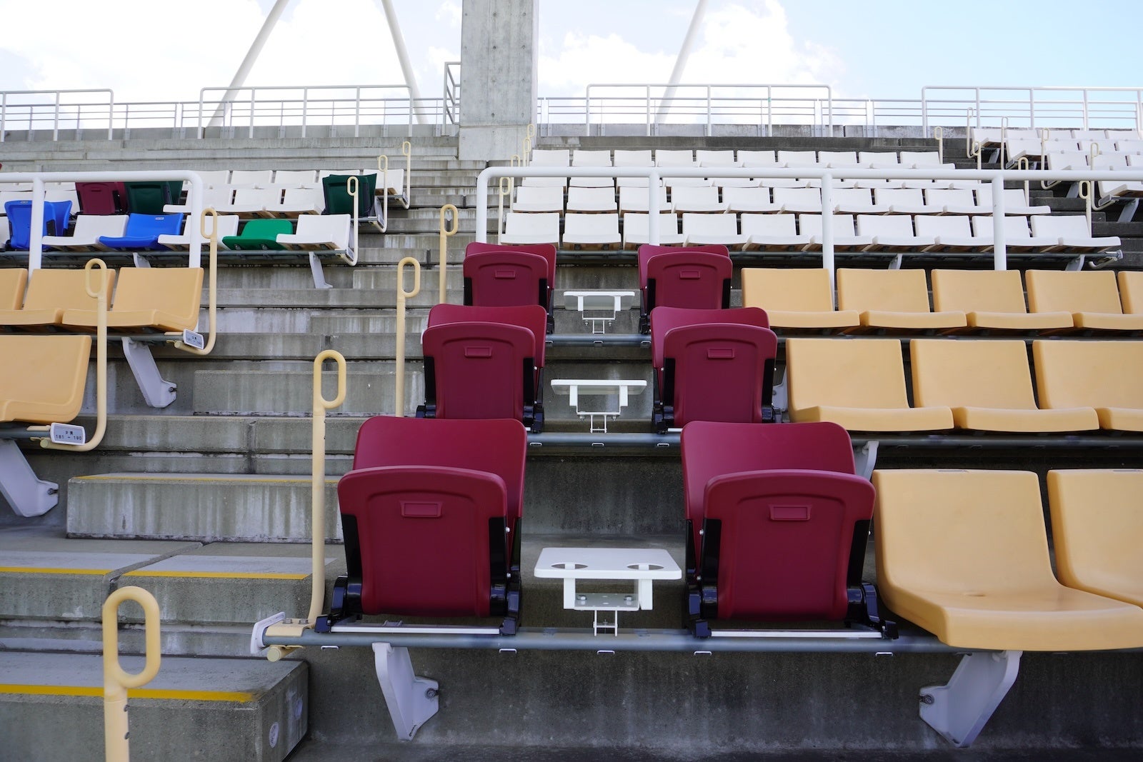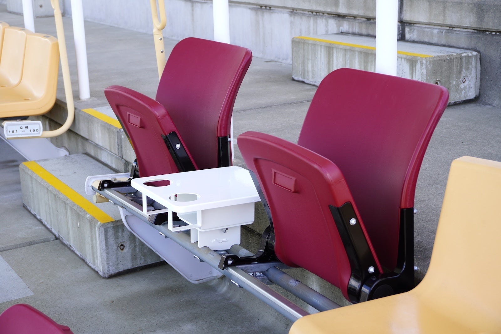 本ペアシートは、跳ね上げ式の座席の席と席の間にドリンクやフードなどを置くことができるテーブルが付いており、ご家族やカップル、ご友人、親子でのご観戦にオススメです。
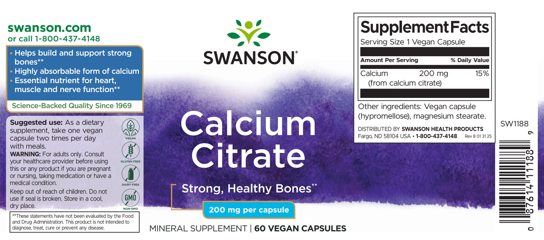 Calciumcitrat ist eines der absorbierbaren und bioverfügbaren Formen der zusätzlich Calcium. Für diejenigen, die ein reines Calcium Citrate ohne Zusatz von Magnesium, Vitamin D oder andere Nährstoffe bevorzugen, präsentieren wir diese ökonomische 200 mg Kapseln. Alles, was Sie wollen, nichts, was man nicht tut, zu einem günstigen Preis. Das ist eine intelligente Ergänzung.
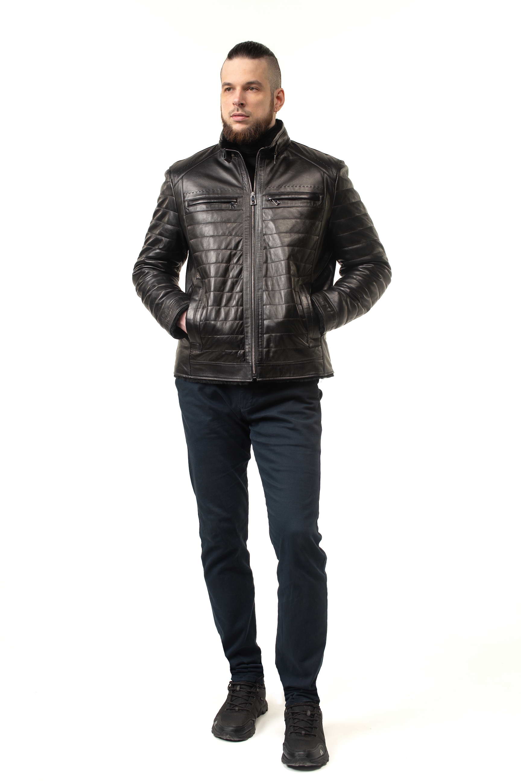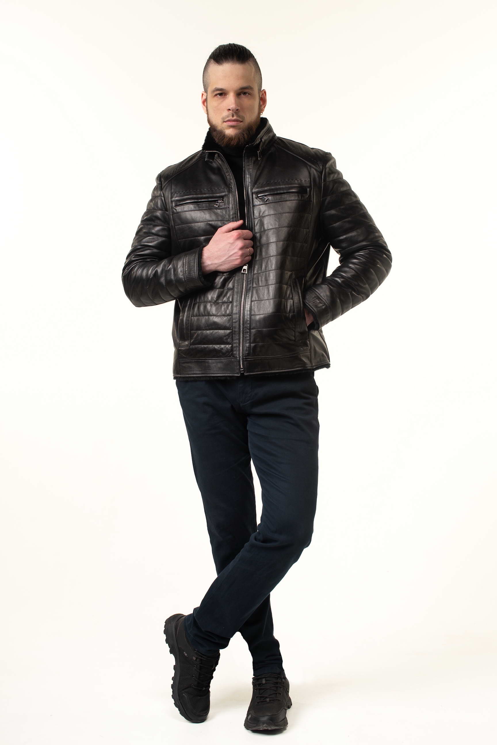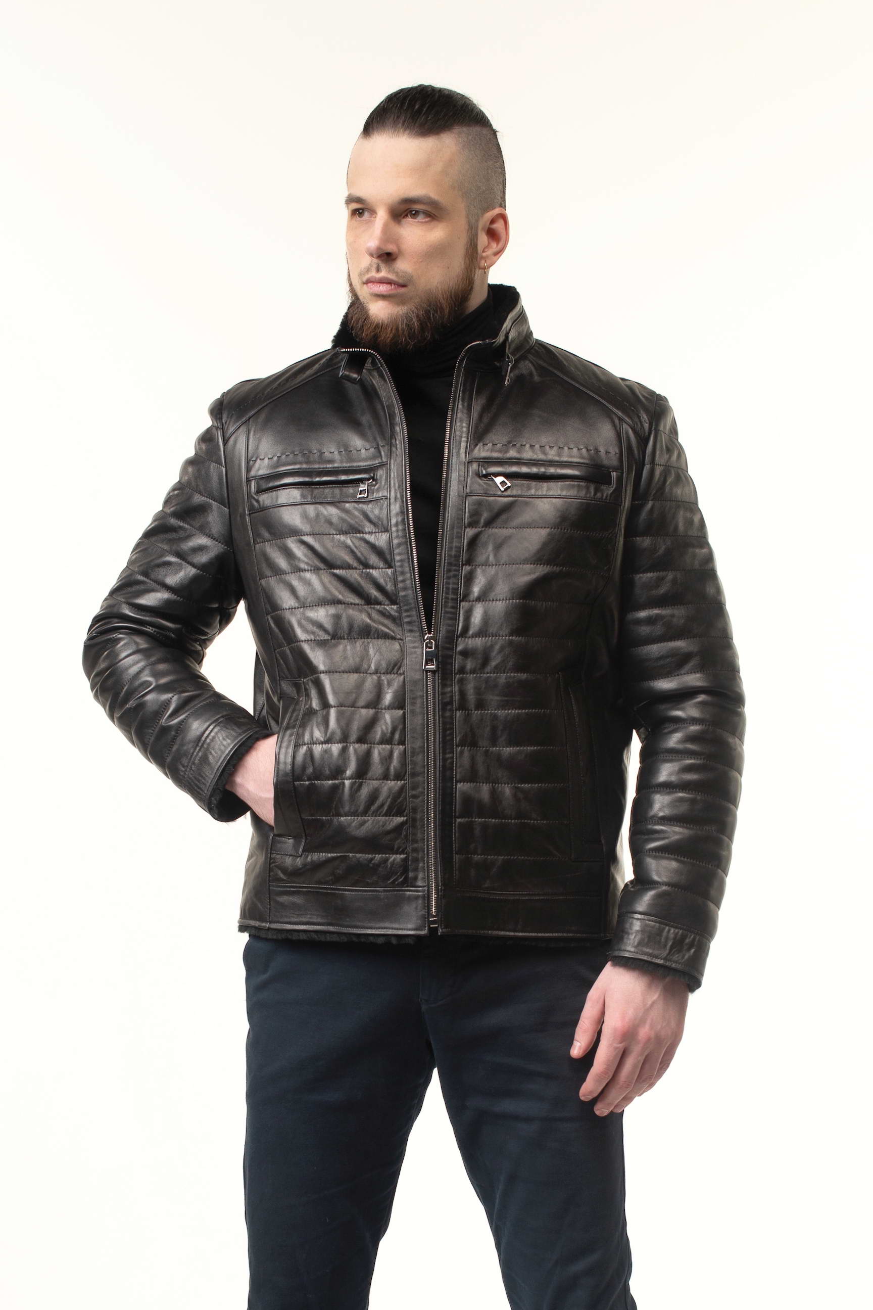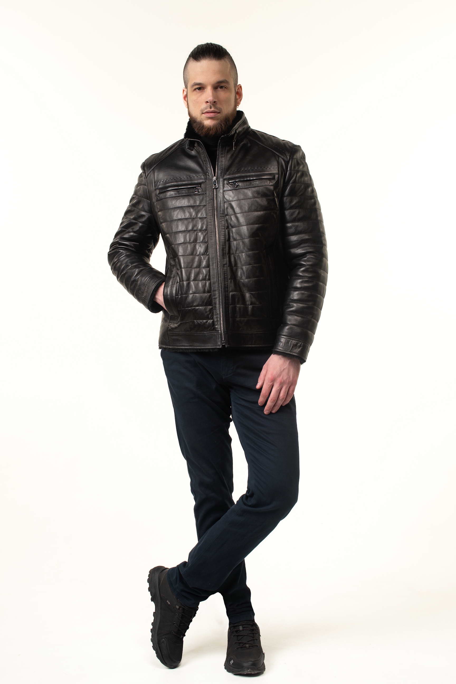 Чоловіча шкіряна дублянка-сендвіч чорного кольору — універсальний вибір для зимового гардеробу:
****************************************
### INSTRUCTIONS TO FOLLOW
Retype exactly, please, the span from the line holding "Calciumcitrat ist eines" through the closing line of the data, both ends included, without the pictures.

### RESPONSE TO THIS TASK
 Calciumcitrat ist eines der absorbierbaren und bioverfügbaren Formen der zusätzlich Calcium. Für diejenigen, die ein reines Calcium Citrate ohne Zusatz von Magnesium, Vitamin D oder andere Nährstoffe bevorzugen, präsentieren wir diese ökonomische 200 mg Kapseln. Alles, was Sie wollen, nichts, was man nicht tut, zu einem günstigen Preis. Das ist eine intelligente Ergänzung.
 Чоловіча шкіряна дублянка-сендвіч чорного кольору — універсальний вибір для зимового гардеробу:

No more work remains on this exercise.